Task data START

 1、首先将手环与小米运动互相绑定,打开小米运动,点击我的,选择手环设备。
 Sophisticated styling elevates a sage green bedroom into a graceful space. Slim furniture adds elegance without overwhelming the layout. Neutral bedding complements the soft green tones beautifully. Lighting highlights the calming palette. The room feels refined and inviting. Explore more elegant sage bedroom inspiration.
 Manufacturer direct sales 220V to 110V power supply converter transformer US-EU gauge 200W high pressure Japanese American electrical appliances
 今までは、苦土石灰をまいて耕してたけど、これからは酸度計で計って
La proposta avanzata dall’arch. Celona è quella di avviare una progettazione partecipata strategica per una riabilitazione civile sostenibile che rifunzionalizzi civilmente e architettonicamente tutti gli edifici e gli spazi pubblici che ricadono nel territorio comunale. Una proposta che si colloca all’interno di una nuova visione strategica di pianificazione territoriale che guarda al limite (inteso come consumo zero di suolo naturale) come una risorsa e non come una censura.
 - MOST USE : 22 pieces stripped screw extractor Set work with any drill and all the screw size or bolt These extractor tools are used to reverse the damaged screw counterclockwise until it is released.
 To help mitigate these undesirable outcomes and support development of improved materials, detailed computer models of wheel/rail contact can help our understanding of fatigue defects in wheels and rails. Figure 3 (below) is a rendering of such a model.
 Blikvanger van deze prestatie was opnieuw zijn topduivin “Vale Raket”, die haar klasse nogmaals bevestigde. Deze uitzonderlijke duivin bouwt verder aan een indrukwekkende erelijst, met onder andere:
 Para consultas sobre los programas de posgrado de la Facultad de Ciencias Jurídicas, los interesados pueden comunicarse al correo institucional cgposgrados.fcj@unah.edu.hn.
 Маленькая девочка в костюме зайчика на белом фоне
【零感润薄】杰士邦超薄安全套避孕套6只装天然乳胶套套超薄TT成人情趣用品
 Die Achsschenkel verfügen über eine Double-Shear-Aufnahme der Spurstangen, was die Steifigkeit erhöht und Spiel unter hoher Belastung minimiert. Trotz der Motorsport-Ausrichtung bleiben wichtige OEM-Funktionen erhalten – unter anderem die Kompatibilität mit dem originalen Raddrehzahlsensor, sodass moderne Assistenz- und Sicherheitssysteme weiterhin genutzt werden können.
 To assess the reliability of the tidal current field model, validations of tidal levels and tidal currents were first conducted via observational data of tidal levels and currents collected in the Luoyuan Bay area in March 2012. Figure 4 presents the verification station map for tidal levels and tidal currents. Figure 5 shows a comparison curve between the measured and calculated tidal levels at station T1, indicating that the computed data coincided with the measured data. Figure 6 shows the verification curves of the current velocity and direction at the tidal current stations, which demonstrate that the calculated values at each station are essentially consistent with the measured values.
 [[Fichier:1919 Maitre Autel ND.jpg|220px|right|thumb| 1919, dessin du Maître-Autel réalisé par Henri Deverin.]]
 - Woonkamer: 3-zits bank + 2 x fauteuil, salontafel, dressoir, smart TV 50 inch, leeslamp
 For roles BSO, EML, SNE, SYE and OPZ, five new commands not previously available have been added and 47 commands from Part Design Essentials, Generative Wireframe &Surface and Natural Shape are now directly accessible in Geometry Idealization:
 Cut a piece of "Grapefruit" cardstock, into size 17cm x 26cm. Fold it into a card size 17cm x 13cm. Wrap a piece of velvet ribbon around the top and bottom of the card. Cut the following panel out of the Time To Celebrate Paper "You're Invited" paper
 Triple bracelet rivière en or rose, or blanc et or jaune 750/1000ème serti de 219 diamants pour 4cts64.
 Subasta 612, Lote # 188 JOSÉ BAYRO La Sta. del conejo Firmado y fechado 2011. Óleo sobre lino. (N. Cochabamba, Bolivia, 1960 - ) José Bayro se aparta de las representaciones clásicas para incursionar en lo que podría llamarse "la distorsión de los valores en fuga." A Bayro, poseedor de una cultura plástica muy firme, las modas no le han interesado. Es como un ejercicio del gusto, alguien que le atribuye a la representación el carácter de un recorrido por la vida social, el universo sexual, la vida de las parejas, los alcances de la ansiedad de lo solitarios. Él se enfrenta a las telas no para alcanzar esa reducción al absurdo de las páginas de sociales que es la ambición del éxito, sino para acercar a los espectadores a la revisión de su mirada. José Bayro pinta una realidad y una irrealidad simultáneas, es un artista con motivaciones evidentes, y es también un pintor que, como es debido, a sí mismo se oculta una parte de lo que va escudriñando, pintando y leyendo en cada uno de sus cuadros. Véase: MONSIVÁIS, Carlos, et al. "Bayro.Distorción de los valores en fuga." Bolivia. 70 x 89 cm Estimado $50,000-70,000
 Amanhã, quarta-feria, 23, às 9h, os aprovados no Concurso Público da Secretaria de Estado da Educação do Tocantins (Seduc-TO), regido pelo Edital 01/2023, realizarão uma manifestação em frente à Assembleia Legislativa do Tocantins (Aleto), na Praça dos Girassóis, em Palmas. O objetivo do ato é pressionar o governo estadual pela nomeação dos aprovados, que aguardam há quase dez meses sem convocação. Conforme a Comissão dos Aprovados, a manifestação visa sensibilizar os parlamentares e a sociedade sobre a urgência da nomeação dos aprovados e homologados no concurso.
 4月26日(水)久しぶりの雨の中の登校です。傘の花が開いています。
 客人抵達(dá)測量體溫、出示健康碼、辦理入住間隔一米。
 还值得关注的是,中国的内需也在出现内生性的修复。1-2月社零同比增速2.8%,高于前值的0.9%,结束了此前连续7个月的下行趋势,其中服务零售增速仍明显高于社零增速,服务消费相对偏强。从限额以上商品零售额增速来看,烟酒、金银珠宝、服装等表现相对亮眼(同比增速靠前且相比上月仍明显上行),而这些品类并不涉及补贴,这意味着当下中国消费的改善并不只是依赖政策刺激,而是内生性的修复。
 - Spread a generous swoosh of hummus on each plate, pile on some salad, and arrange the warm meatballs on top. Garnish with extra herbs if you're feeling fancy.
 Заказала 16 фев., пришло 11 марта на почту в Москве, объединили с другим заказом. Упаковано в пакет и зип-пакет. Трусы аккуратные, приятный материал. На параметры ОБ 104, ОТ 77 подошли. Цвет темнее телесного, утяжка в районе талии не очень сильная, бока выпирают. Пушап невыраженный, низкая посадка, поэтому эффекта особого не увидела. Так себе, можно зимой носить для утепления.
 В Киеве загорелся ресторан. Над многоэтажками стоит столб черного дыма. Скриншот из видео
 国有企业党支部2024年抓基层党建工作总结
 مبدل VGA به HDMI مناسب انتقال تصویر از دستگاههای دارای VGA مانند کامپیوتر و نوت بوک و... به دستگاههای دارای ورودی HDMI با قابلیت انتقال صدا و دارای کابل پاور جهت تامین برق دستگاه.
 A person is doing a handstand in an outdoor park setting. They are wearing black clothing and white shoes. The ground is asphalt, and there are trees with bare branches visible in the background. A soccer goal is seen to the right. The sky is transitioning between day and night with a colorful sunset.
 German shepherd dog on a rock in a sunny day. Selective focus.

Task data END

Task instructions
The expected output is exactly the lines of the listing above between the line holding "Para consultas sobre" and the line holding "Маленькая девочка в", inclusive.

Result
 Para consultas sobre los programas de posgrado de la Facultad de Ciencias Jurídicas, los interesados pueden comunicarse al correo institucional cgposgrados.fcj@unah.edu.hn.
 Маленькая девочка в костюме зайчика на белом фоне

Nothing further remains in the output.